Una puerta cerrada vigilada bajo una cámara de seguridad. Es la entrada al club de consumidores de cannabis Sevikanna. La asociación, localizada cerca del centro de Sevilla, vive días de inquietud. El Tribunal Supremo ha establecido que el consumo de marihuana en una asociación a favor de cannabis debe ser condenada por un delito contra la salud pública. La Sala de lo Penal del Alto Tribunal ha estimado así un recurso de la Fiscalía en contra de la decisión de la Audiencia Provincial de Vizcaya de absolver a cinco miembros de la asociación de estudios y usuarios del cáñamo Ebers. 

Aunque parezca la entrada a un garito controlado por la mafia, en su interior se encuentra un espacio deambiente acogedor. El establecimiento cuenta en su haber con una amplia estancia ocupada por mesas y sillones, un escenario para conciertos y proyecciones, una barra que hace de bar, una zona de juegos con videoconsolas y un dispensario donde los socios pueden retirar su cuota de cannabis. En la última estancia se ubica una sala polivalente que actúa desde biblioteca -grandes estanterías llenas de libros decoran la habitación- hasta sala de estudio. Su principio para poder ejercer está basado en la doctrina del autoconsumo compartido. Una costumbre asentada en los organismos judiciales que en 2014 supuso la absolución en Sevilla del club Medical Weed. Así hizo Sevikanna en su nacimiento hace un año. 

La sede del club privado, sólo comprendido por socios con capacidad para avalar a un nuevo integrante, es un lugar cerrado y acondicionado, integrado por dos máquinas de ozono y dos extractores de aire que limpian el ambiente constantemente, cuya cantidad máxima que puede retirar un miembro al día es de cinco gramos, máximo que impide la posible compraventa. 

Actualmente lo forman más de 1.000 socios que abonan una cuota anual de 30 euros. Disponen los afiliados de un máximo de 60 gramos de cannabis al mes y cuyo control de consumición está registrado por el propio club que apunta las cantidades retiradas. Para poder satisfacer la demanda de usuarios, el grupo autoproduce su mercancía, y las deposita en el dispensario. “El cultivo está supervisado por un ingeniero agrícola para no crear excedentes”, comentó el secretario de la agrupación, Carlos de la Fuente. 

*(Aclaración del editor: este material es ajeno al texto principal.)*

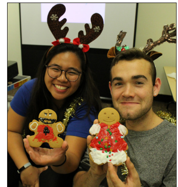
Cookie-decorating at the Mentorship Holiday Party

The CPP ASCE Mentorship Program aims to provide new and incoming students a more welcoming and smooth transition into civil engineering. The program's goal is to introduce these students to fellow classmates and upperclassmen to familiarize themselves with the CE department and ASCE. The program offers a network of students as a support system to guide mentees in classes, campus involvement, internships, or personal life. The relationships are built from the mentors and mentees' interactions with each other and through the socials that are held every quarter for all of the mentors and mentees. The programs from this past quarter entailed a social in the Bronco Student Center Game's Room, button making and trivia night, along with a Holiday Party!

“Hay personas con 78 años que vienen únicamente a retirar su cuota para poder aliviar aquellos dolores que sufren”, afirmó el responsable, quien añade que para ser asociado la persona debe tener al menos 21 años, considerada por ellos la edad mental apropiada para iniciarse. Un establecimiento aceptado mayoritariamente por los vecinos de la zona. Consumir marihuana no es la única actividad que puede llevarse a cabo en esta organización sin ánimo de lucro, los beneficios son reinvertidos en el mantenimiento y mejora del establecimiento. 

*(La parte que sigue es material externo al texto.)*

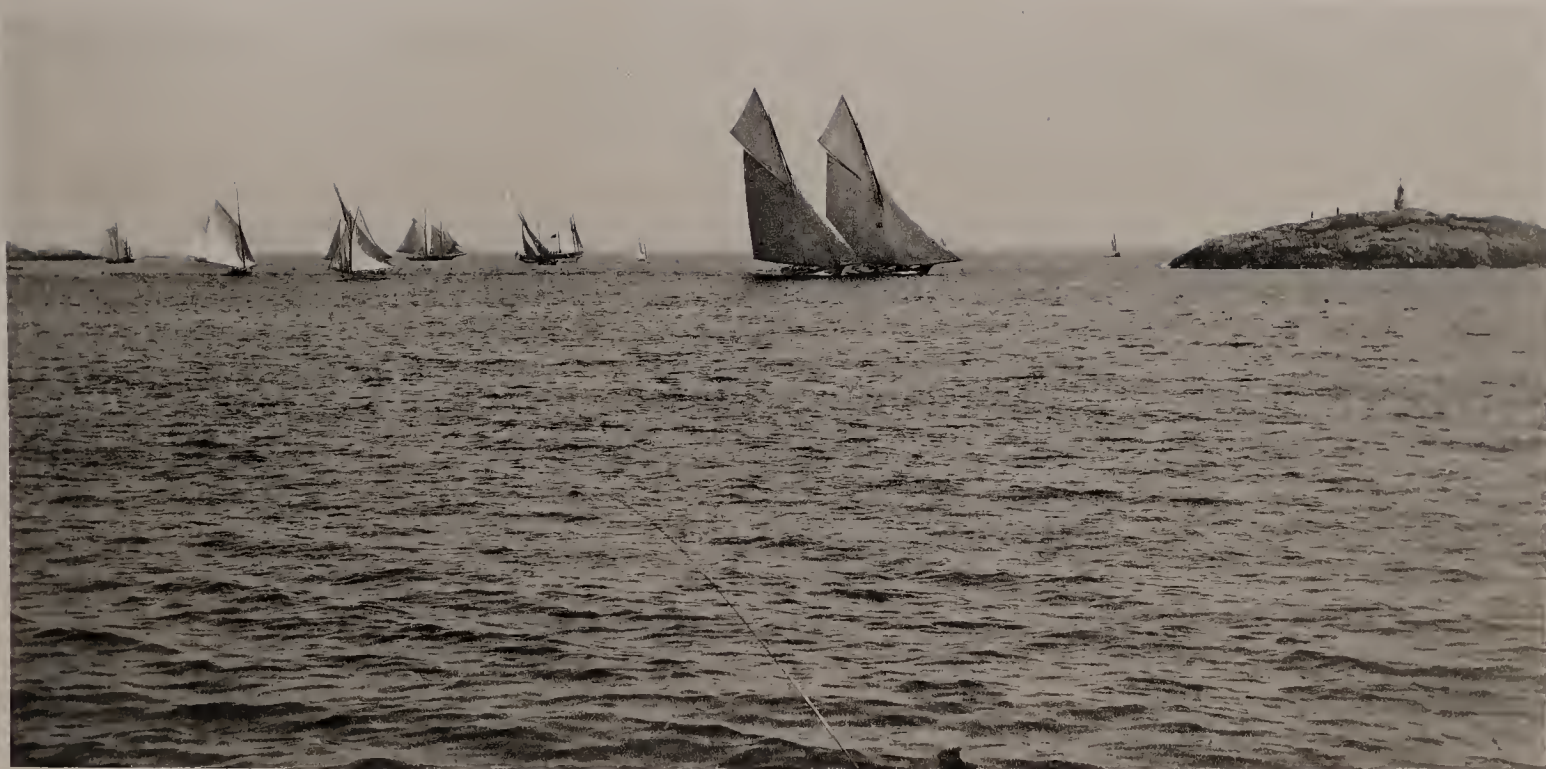
BEATRIX AND OWEENE. OFF MARBLEHEAD ROCK. MANŒUVRING FOR POSITION. CORINTHIAN YACHT CLUB RACE. JULY 23, 1891.

La asociación también lleva a cabo labores sociales y culturales. Cuentan semanalmente convideoconferencias ofrecidas por doctores de medicina, consultas a pacientes para aconsejar y explicar el uso terapéutico del cannabis, conciertos de músicatalleres de repostería y próximamente añadirán actuaciones teatrales, entre otras actividades. También colaboran en la organización de Expocáñamo, feria industrial y medicinal de la planta, celebrada el pasado año en Fibes. 

Una práctica que en la actualidad da empleo a más de seis personas. “Deberían regular el consumo, eso esta claro, pero no pueden prohibir un proyecto destinado a amigos y familiares que fomenta la creación de trabajo”, aseguró De la Fuente, quien agregó que es una industria que debería ser impulsada por las organizaciones estatales y no perseguida. “Andalucía podría verse enriquecida si promoviera el uso industrial del cáñamo”, finalizó el secretario, quien alega que si la condena persiste, difícilmente podrá mantener a sus trabajadores. 

Según los responsables de Sevikanna, “el club es tan sólo uno de los veinte que hay en la provincia de Sevilla, entre ellas se encuentra La Fuma, Club Thc o la Asociación Ramón Santos de Estudios Sobre el Cannabis”. 

Estos clubes ven con inquietud como desaparecerían si la condena del organismo judicial siguiese y crease jurisprudencia. Alegan que no sólo conllevaría el cierre del club y el despido de cientos de trabajadores en toda España, sino que causaría pérdidas económicas de hasta 50.000 euros para aquellos miembros que decidieron acondicionar un local para poner en ejercicio sus hábitos.